Written by: Akankshya Narayan
We live in a world where polygamous relationships are still new and not widely accepted. In India, the Hindu Marriage Act prohibits polygamy and polyandry marriages for Hindu communities. But despite the ban, a village in Rajasthan named Derassr is known for its step back in time of a ritual of men marrying twice.
While it may sound a little trailblazing to the concept of polyamorous relationships, in reality, it is a labyrinth of unfounded beliefs and age-old ideologies.
Derasar, a small village in Rajasthan with a population of 600 families, sticks to polygamous marriages. Almost every man lives with more than one wife in the same house, neither of the wives is privileged to enjoy basic human rights and equal treatment and the second wife is responsible for the future heir.
This tradition started with an old incident where the husband couldn’t have any child from his first marriage, and when he married for the second time, his second wife conceived three children. This preposterous incident compelled the villagers to believe that it is through the second marriage only that a man can become a father.

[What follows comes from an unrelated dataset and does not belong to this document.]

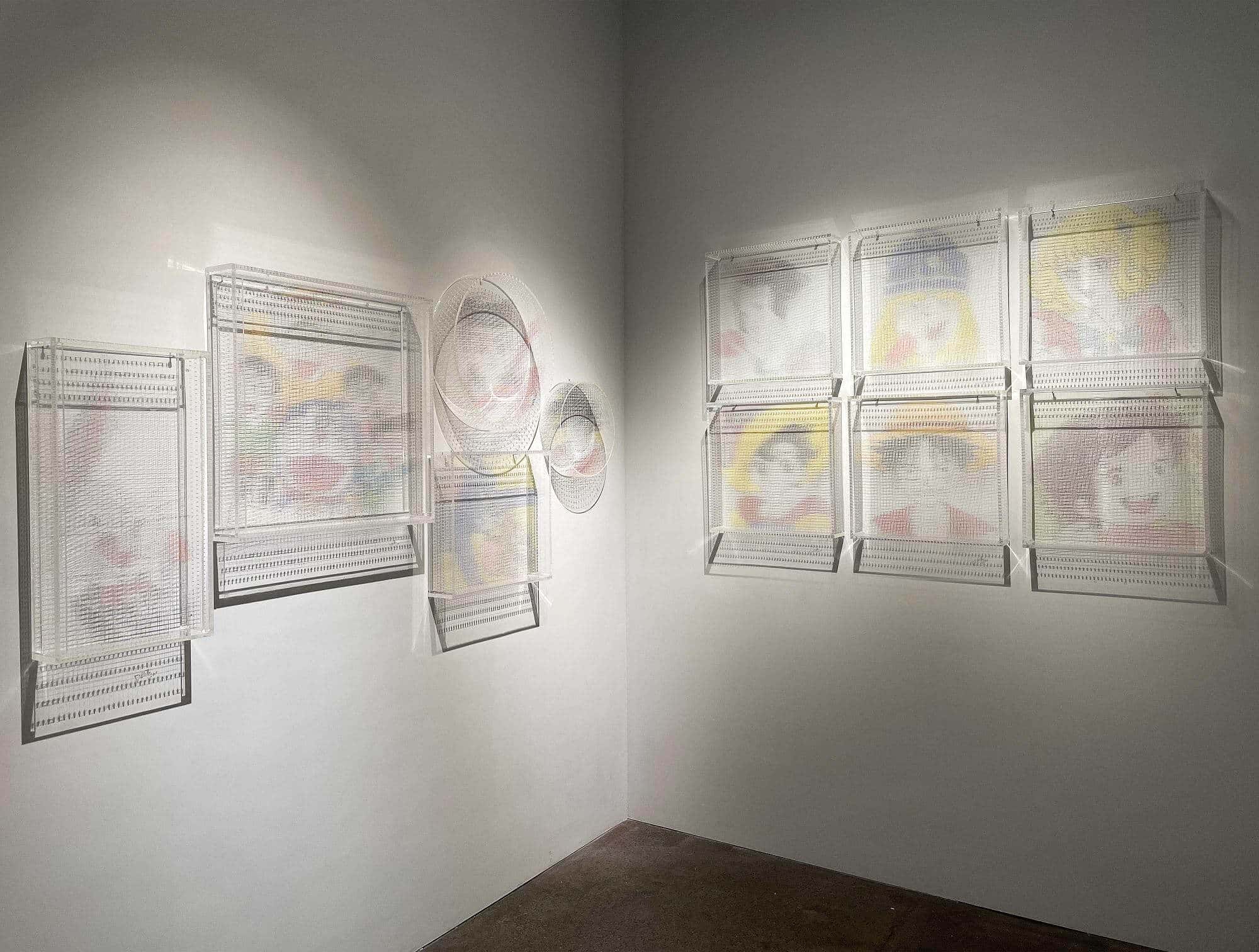 由上述系列延伸的作品〈紅色吊帶裙〉,每一個小女孩擁有相似造型—西瓜皮髮型與吊帶裙,唯獨不同的是,透過紅線的編織,她們穿戴起不同動畫角色的特徵,從米奇、原子小金剛、北海小英雄、多啦a夢,如角色扮演般,女孩搖身成為眾人都曾想成為的偶像,希望擁有相同的性格或超能力,透過作品,疊合著大家過往的記憶,實踐了兒時天馬行空的想像。

That single incident was not enough to coerce people of the village to follow this polygamous marriage for ages religiously. So people came up with absurd reasons to convince young men to marry twice. The reason given was that women have to walk for 5 kilometres to fetch water for their houses and cannot do that after getting pregnant. In that case, the other wife takes over all the responsibilities to engage in the household chores.
In short, one of the wives gets to take care of the household, while the other prepares for the role of motherhood.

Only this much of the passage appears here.